= Exercise requirements =
Repeat the span of the entries below that starts at the line with "This paper demonstrates" and ends at the line with "वर्मीकम्पोस्ट एक जैविक", nothing more. Skip the pictures.

= Information =
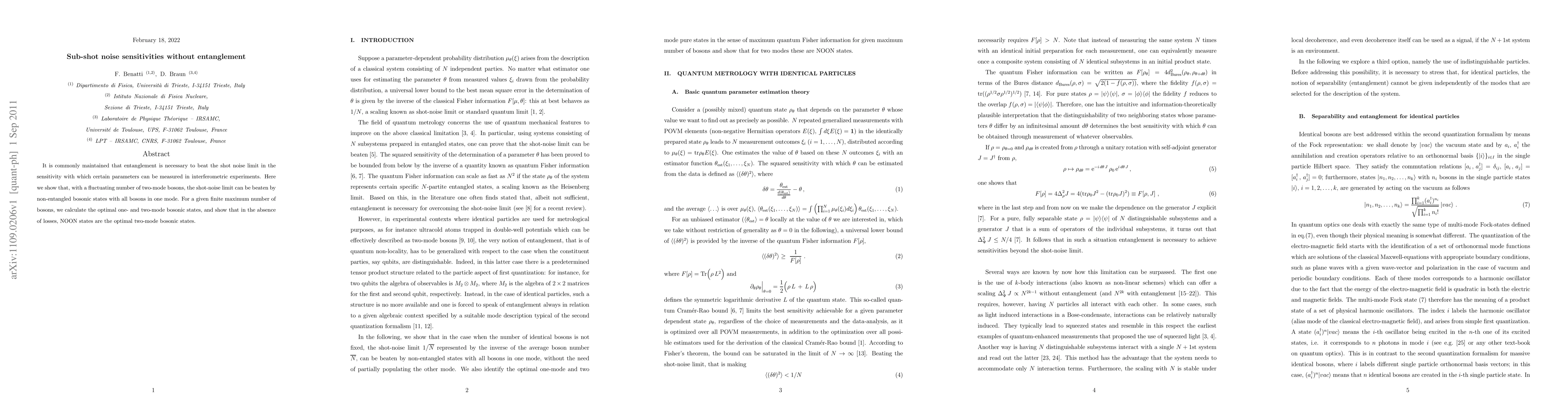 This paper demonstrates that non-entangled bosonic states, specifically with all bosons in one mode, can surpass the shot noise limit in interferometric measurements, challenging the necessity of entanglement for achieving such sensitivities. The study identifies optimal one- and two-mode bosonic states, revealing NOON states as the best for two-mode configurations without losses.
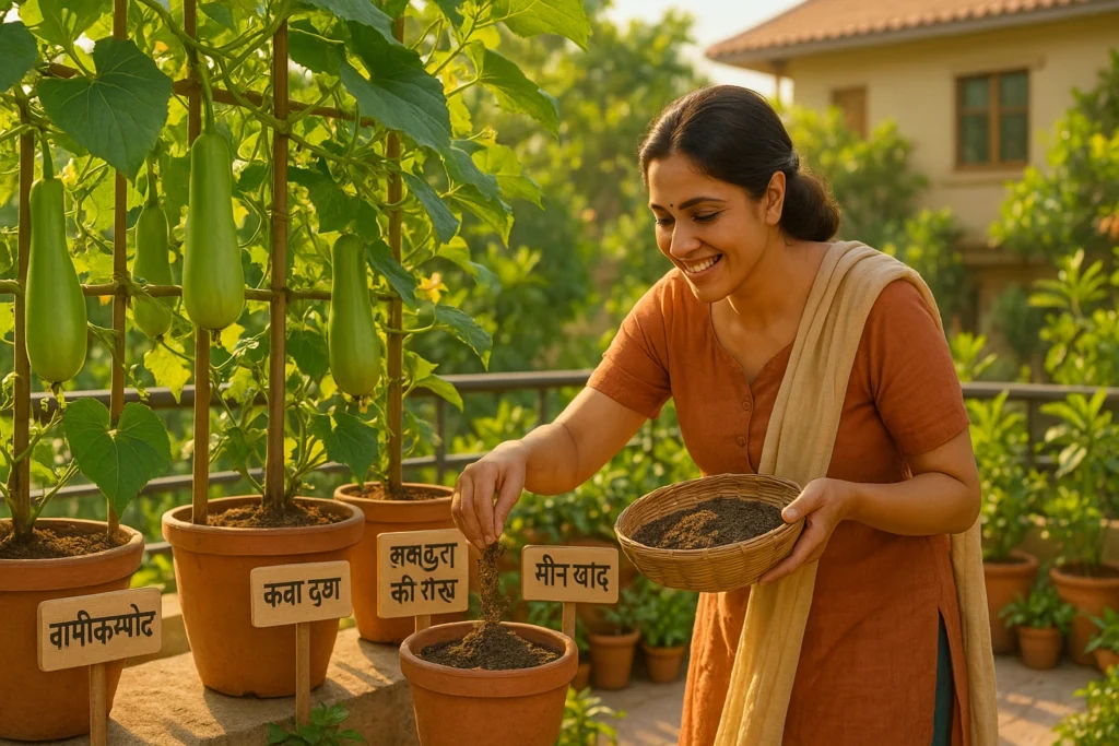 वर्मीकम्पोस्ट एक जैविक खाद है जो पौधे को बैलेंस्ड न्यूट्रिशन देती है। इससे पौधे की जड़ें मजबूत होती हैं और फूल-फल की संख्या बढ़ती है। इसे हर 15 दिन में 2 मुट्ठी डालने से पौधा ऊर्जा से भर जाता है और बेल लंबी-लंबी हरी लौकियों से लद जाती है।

* * *

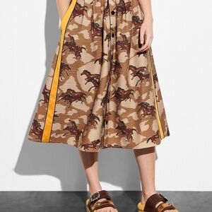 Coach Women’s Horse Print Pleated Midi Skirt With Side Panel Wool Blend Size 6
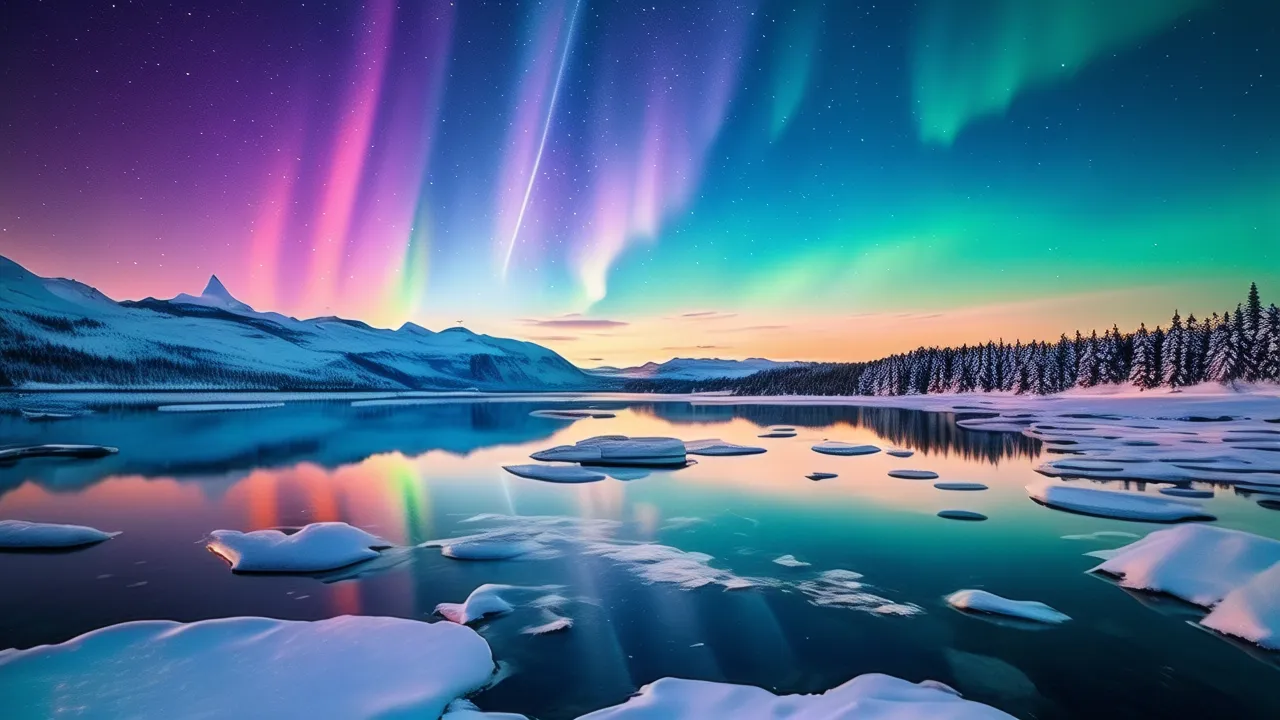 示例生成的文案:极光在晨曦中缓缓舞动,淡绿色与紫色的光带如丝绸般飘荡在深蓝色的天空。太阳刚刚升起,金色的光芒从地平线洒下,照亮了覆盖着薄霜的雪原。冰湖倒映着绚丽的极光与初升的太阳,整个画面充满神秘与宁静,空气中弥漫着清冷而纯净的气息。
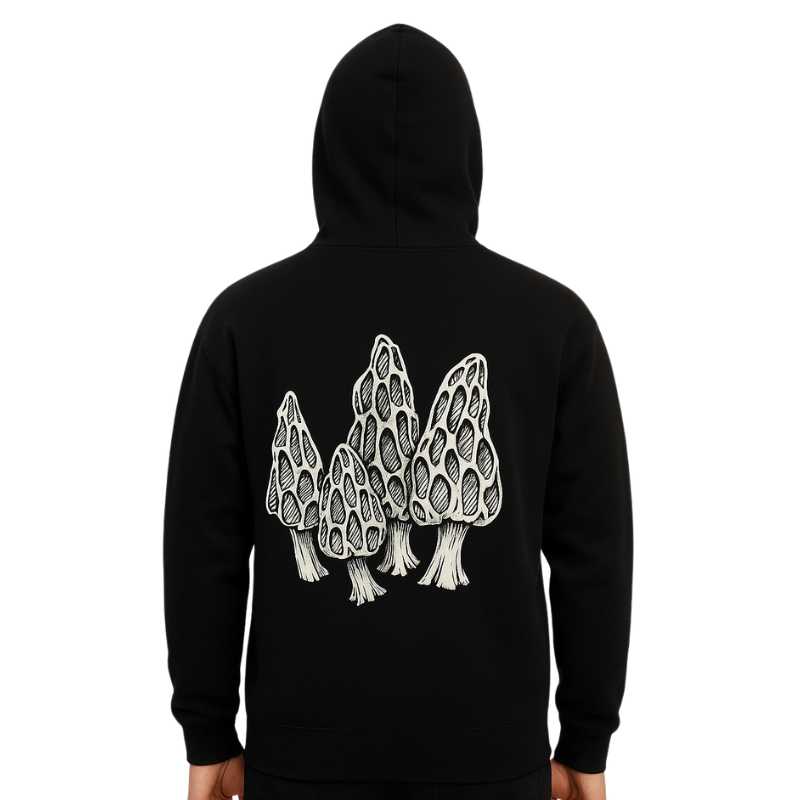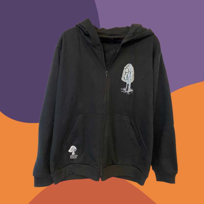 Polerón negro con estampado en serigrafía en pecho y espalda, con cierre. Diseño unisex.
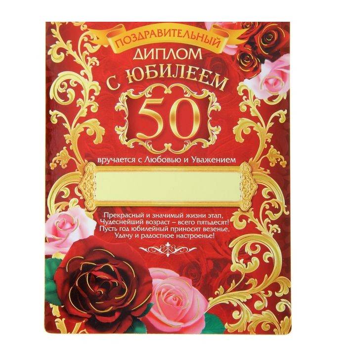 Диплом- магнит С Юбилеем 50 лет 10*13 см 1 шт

= Response area =
 This paper demonstrates that non-entangled bosonic states, specifically with all bosons in one mode, can surpass the shot noise limit in interferometric measurements, challenging the necessity of entanglement for achieving such sensitivities. The study identifies optimal one- and two-mode bosonic states, revealing NOON states as the best for two-mode configurations without losses.
 वर्मीकम्पोस्ट एक जैविक खाद है जो पौधे को बैलेंस्ड न्यूट्रिशन देती है। इससे पौधे की जड़ें मजबूत होती हैं और फूल-फल की संख्या बढ़ती है। इसे हर 15 दिन में 2 मुट्ठी डालने से पौधा ऊर्जा से भर जाता है और बेल लंबी-लंबी हरी लौकियों से लद जाती है।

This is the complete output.